But there was no room, no headstones, no plaques, no memory for the Africans who did the slave work in this crazy war that was not of their doing. Another 300,000 civilians died in East Africa but no records of their annihilation are found either. 

Thanks to the efforts of the Hotel Sarova Group, a memorial has been constructed to the memory of the unknown Kenyan soldiers who died in the Taita Hills and elsewhere. This is a great beginning and it’s hoped that the County of Taita Taveta might construct a suitable memorial centre to the victims that might become an education centre for the next generation on the futility of war.

Tools and capacities

At last it seems that philosophers, politicians and theologians are beginning to accept there is no such thing as a just war. The just war theory just lets us all off the hook in seeking to develop tools and capacities for the non violent transformation of conflict. War needs to be outlawed and criminalised because it is never a suitable or even a last option.

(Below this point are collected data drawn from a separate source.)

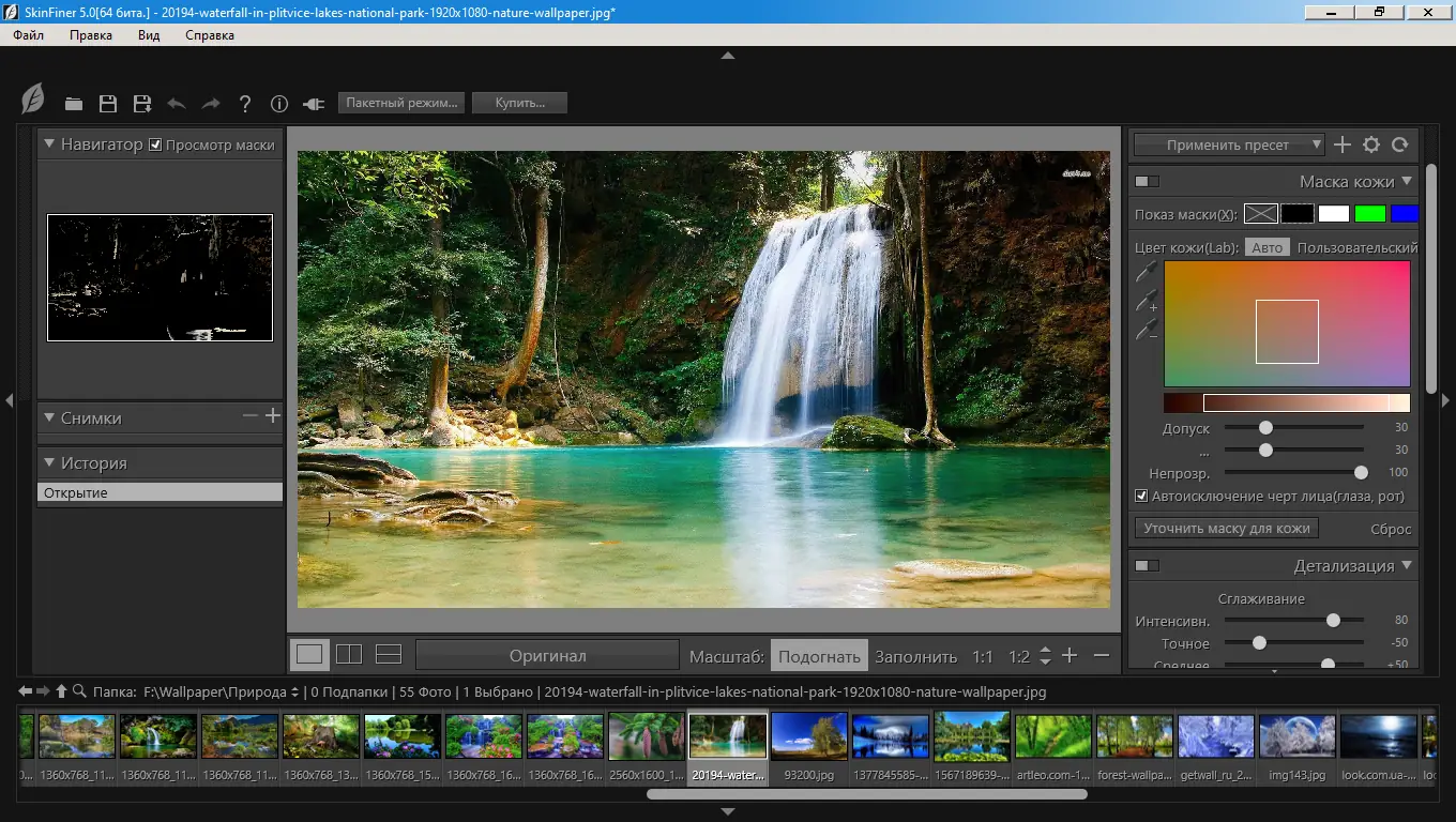 Работа с программой начинается с загрузки изображения, после чего Skin Finer автоматически применяет базовую маску выделения кожи. Пользователь может отрегулировать чувствительность маски, чтобы более точно охватить или исключить определённые участки. Далее доступны инструменты коррекции: с помощью ползунков регулируется степень сглаживания, насыщенность, баланс светов и теней, а также цветовой тон кожи. После завершения настроек результат можно экспортировать в любом поддерживаемом формате с сохранением 16-битной глубины цвета.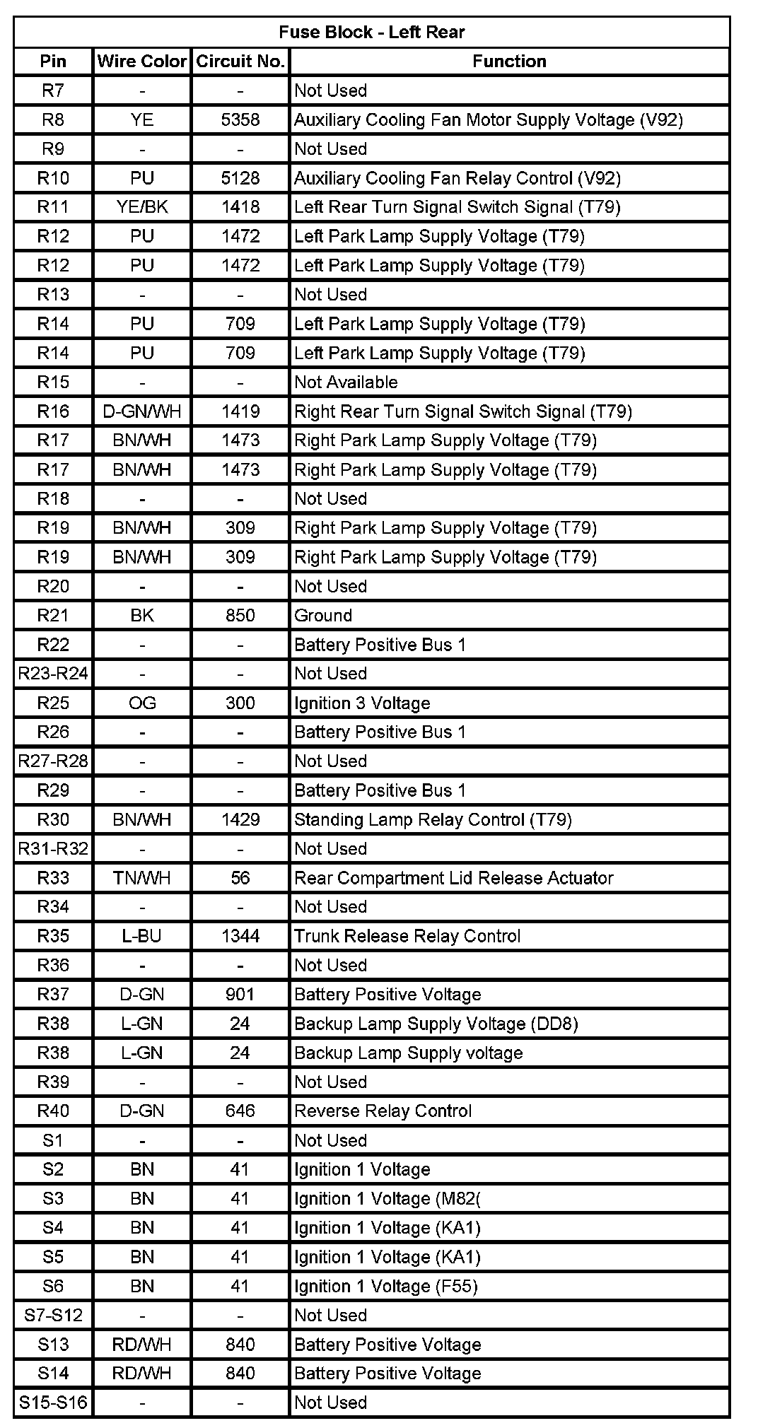 Fuse Block - Left Rear (Pin R7 To S16):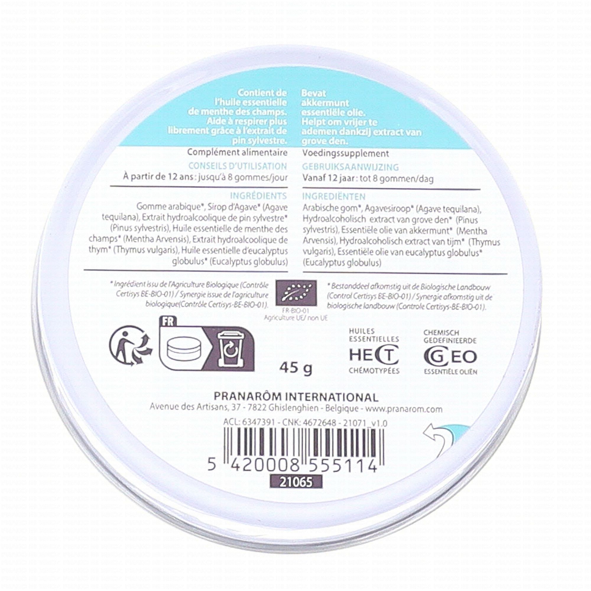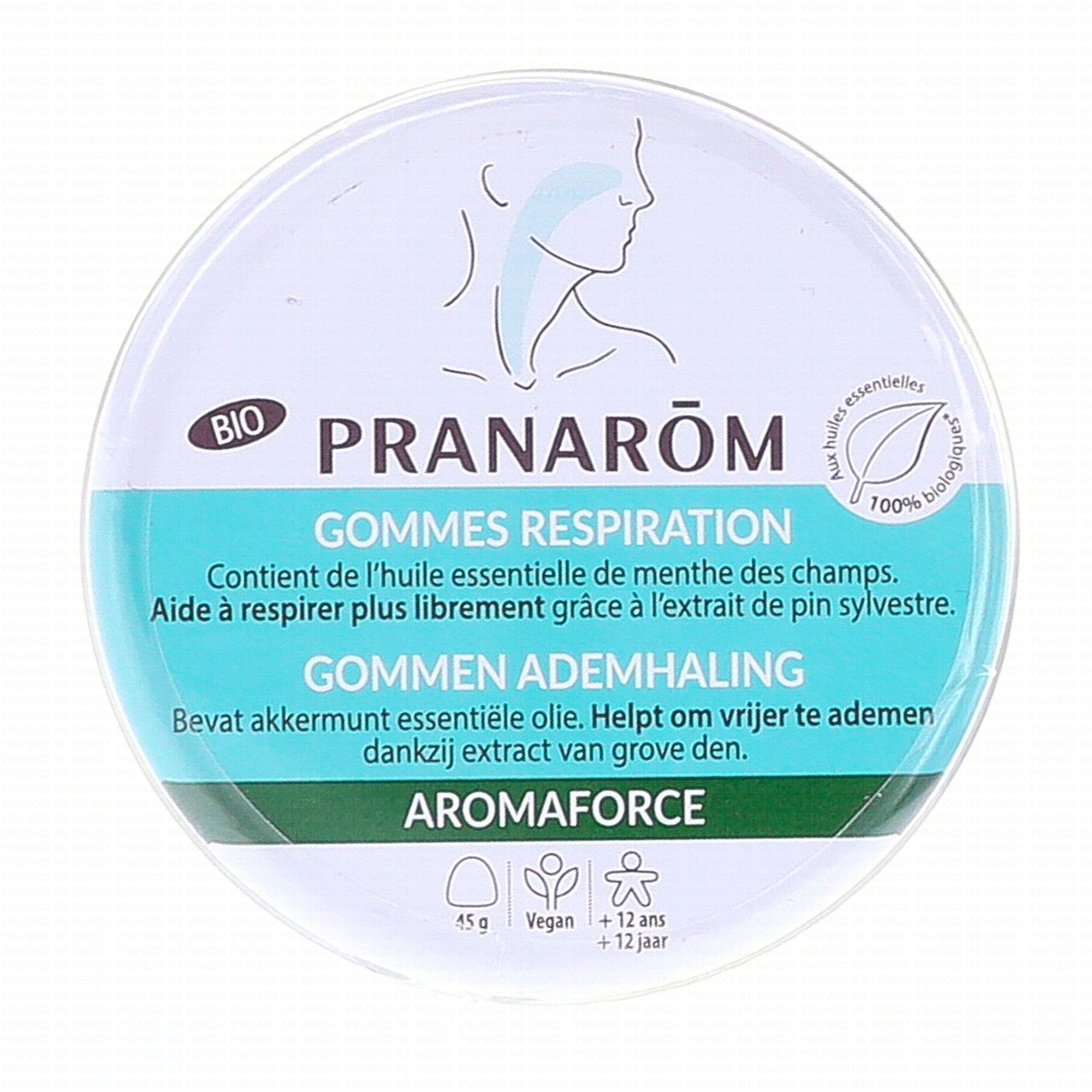 PRANAROM Aromaforce - Gommes Respiration bio 45g contient les éléments suivants :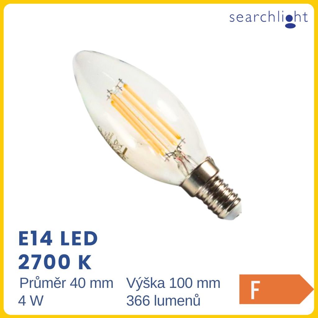 LED žárovka do patice E14 celoskleněná - 4 W příkon 2700K a 366 lumenů.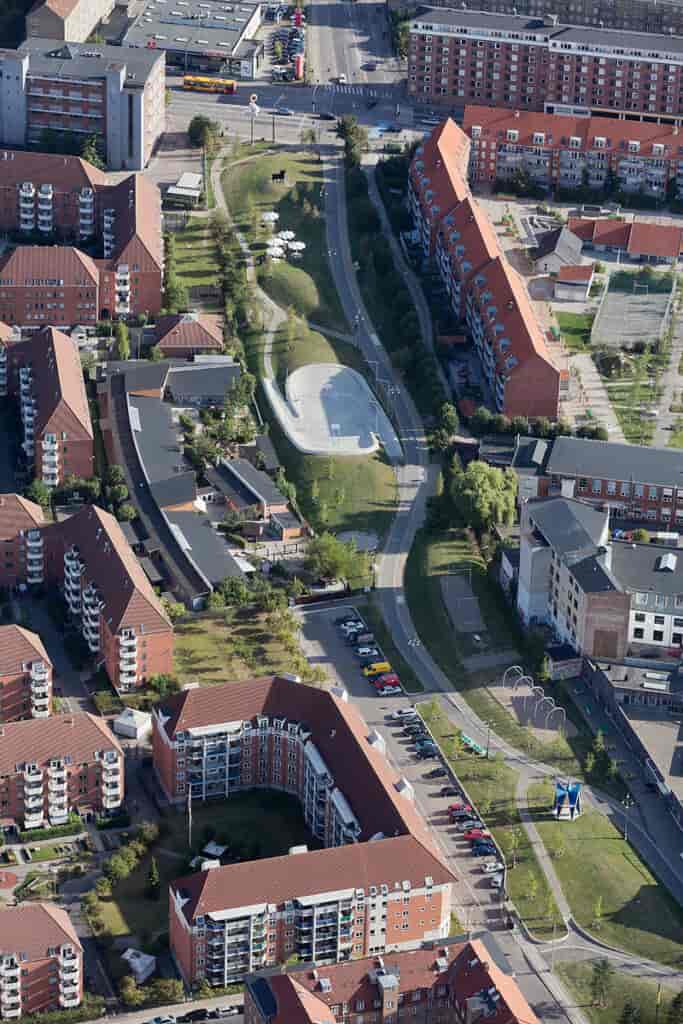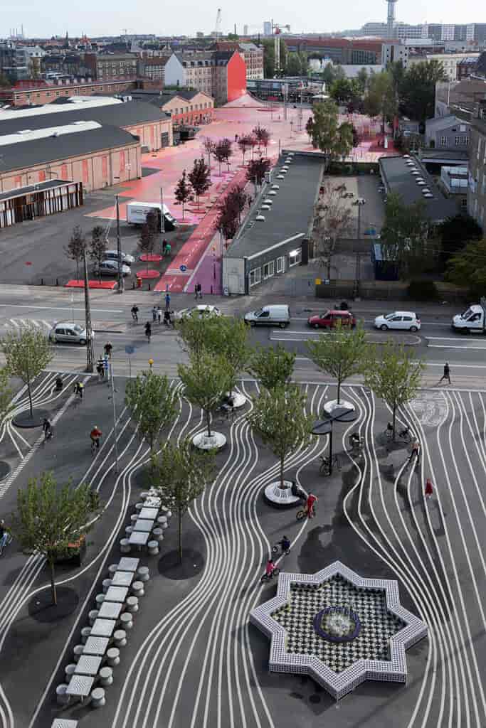 Danimarka’nın etnik çeşitliliği en fazla olan bölgelerinden birinde yer alan 1 km uzunluğundaki kamusal parkın adı Superkilen. Superkilen, dünyaca ünlü mimarlık ofisi BIG, peyzaj mimarlığı konusunda uzmanlaşmış ofis Topotek 1 ve Superflex sanatçıları arasındaki yaratıcı işbirliğinden doğan etkileyici bir proje. Bu sıra dışı mekanda alışılagelmişten çok farklı bir park yaratan ekip tasarımlarına çeşitliliği destekleyici birçok unsuru dahil etmiş. Alanda kullanılan neon işaretler Rusya ve Katar’dan, piknik masaları Ermenistan’dan, pinpon masaları ise İspanya’dan. Farklı ülkelerden gelip aynı mekanda buluşturulan objeler çevrede oturan insanların bağlı oldukları farklı kültürleri temsil ediyor.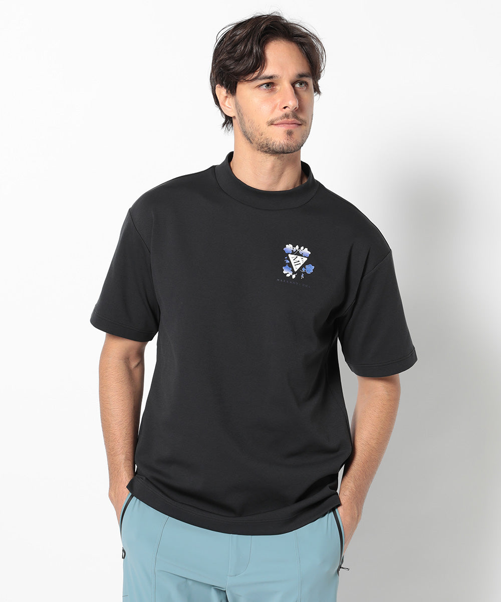 An iconic mock neck T-shirt with a print that mixes the triangle logo and hibiscus on the front and pack. Made of powder-touch polyester material with just the right amount of stretch. A sophisticated style with plenty of room around the body and shoulders, while sharpening the collar and sleeves. Regular fit silhouette that follows the natural lines of your body.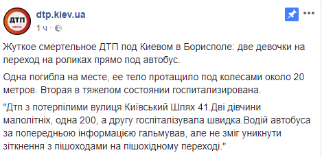 Рейсовый автобус "Чигирин-Киев", который ехал через Борисполь, сбил на переходе двух девочек, которые переезжали дорогу на роликовых коньках.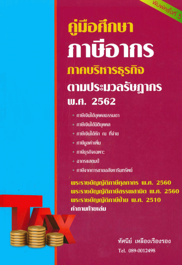 คู่มือศึกษาภาษีอากร ภาคบริหารธุรกิจ ตามประมวลรัษฎากร พ.ศ. 2562 พระราชบัญญัติภาษีศุลกากร พ.ศ. 2560 พระราชบัญญัติภาษีสรรพสามิต พ.ศ. 2560 พระราชบัญญัติภาษีป้าย พ.ศ. 2510 / ทัศนีย์ เหลืองเรืองรอง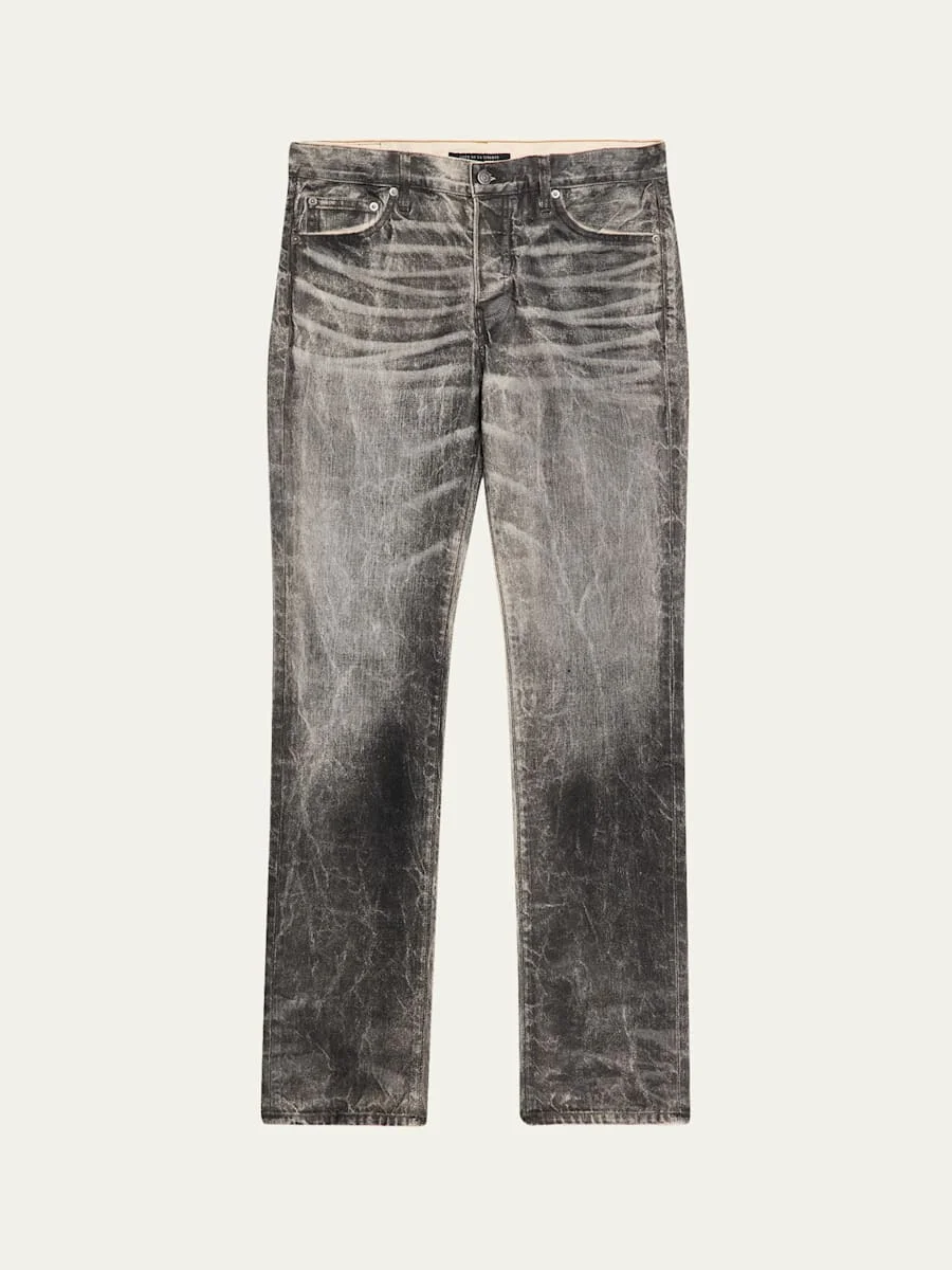 Cout De La Liberte "Jimmy" pants crafted from premium Italian twill for a refined and comfortable fit Approx. measurements: 9.8" rise; 34.5" inseam Exaggerated whiskering and fading Regular rise Five-pocket style Relaxed fit through slightly flared legs Button-zip front; belt loops Cotton Made in Italy Online Inquiries: BGS21_NDPP3| Store Inquiries: #5061819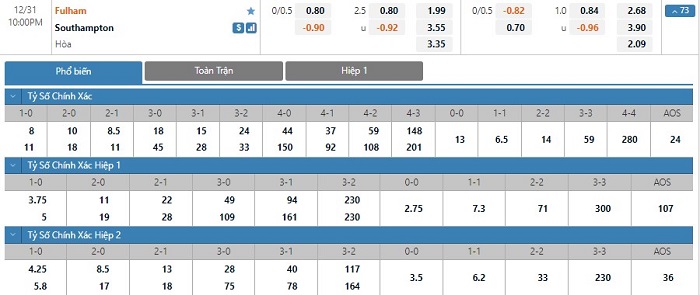Với Fulham, họ chỉ thua 2 qua 8 trận trên sân nhà gần đây. Southampton được cho chưa thể trở lại với sự ổn định, thế nên đây là cơ hội rất tốt để Fulham tự tin hướng đến 3 điểm. Trong con mắt các nhà đầu tư thì Southampton không phải ô cược đáng tin khi mà đội bóng này đã thua kèo châu Á cả 6 trận liên tiếp gần đây. Từ những gì đã phân tích thì người chơi nên lựa chọn ô cược Fulham kèo đấu này. 2 trận đấu gần đây Fulham đều ghi bàn trong hiệp 1. 3 trận thua gần nhất của Southampton vừa qua đều chứng kiến họ thua từ 0-1 trở lên ngay trong 45 phút đầu tiên. Rõ ràng đây là điều mà Fulham có thể tận dụng được để dẫn trước Southampton ở hiệp đầu tiên trên sân nhà.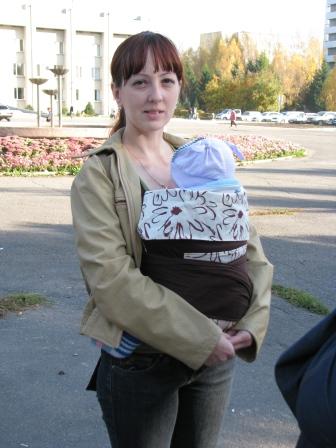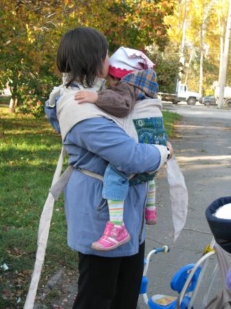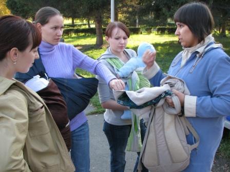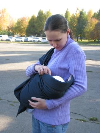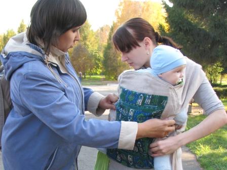 Юля с Галиной помощью пробует слинг. :-)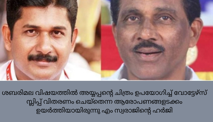 ശബരിമല വിഷയത്തിൽ അയ്യപ്പന്റെ ചിത്രം ഉപയോഗിച്ച് വോട്ടേഴ്സ് സ്ലിപ്പ് വിതരണം ചെയ്തെന്ന ആരോപണങ്ങളടക്കം ഉയർത്തിയായിരുന്നു എം സ്വരാജിന്റെ ഹർജി.
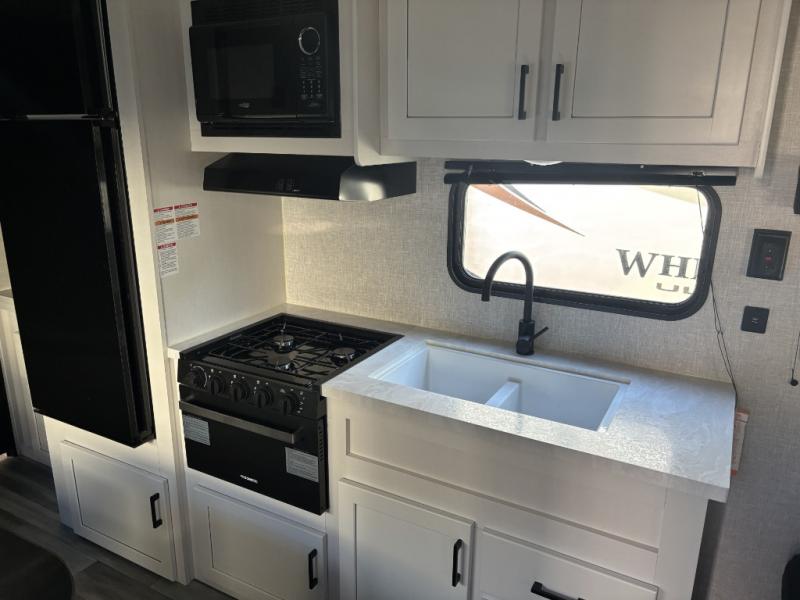 You can comfortably sleep eight to ten people in this trailer thanks to the double-size bunks, the RV queen bed in the front bedroom, plus the booth dinette and jack-knife sofa in the main living area! The chef of your crew will have a three burner cooktop and microwave oven to prepare meals, and everyone can store their favorite drinks in the 8 cu. ft. 12V refrigerator. The bathroom includes a shower and a toilet, with the sink just outside of this room so others can brush their teeth if one is taking a shower before bed. The outside storage will let you bring along fishing poles and the 16' power awning with LED lights will create a nice place to gather in the evenings!

Yet wars continue. World War II followed with roughly the same parties involved in 1939-45. Today, we have the war in Syria which of course is much more complex than even the world wars that were primarily involved two warring nations.

There are a multiplicity of interconnected fights that occupy the same space and time. Besides, one uprising progresses into another and we have a hopeless and helpless United Nations Security Council. That body includes five permanent members who have a veto on every decision and since several of them have a role in the Syrian conflict then we cannot expect the UN to be anything but a provider of emergency aid.

Next week, we celebrate 70 Years of the UN Declaration on Human Rights.

It’s time to disband the Security Council and find a more fitting body to respond to conflict and make all war illegal. Maybe that would be fitting tribute to our local unknown victims of World War 1.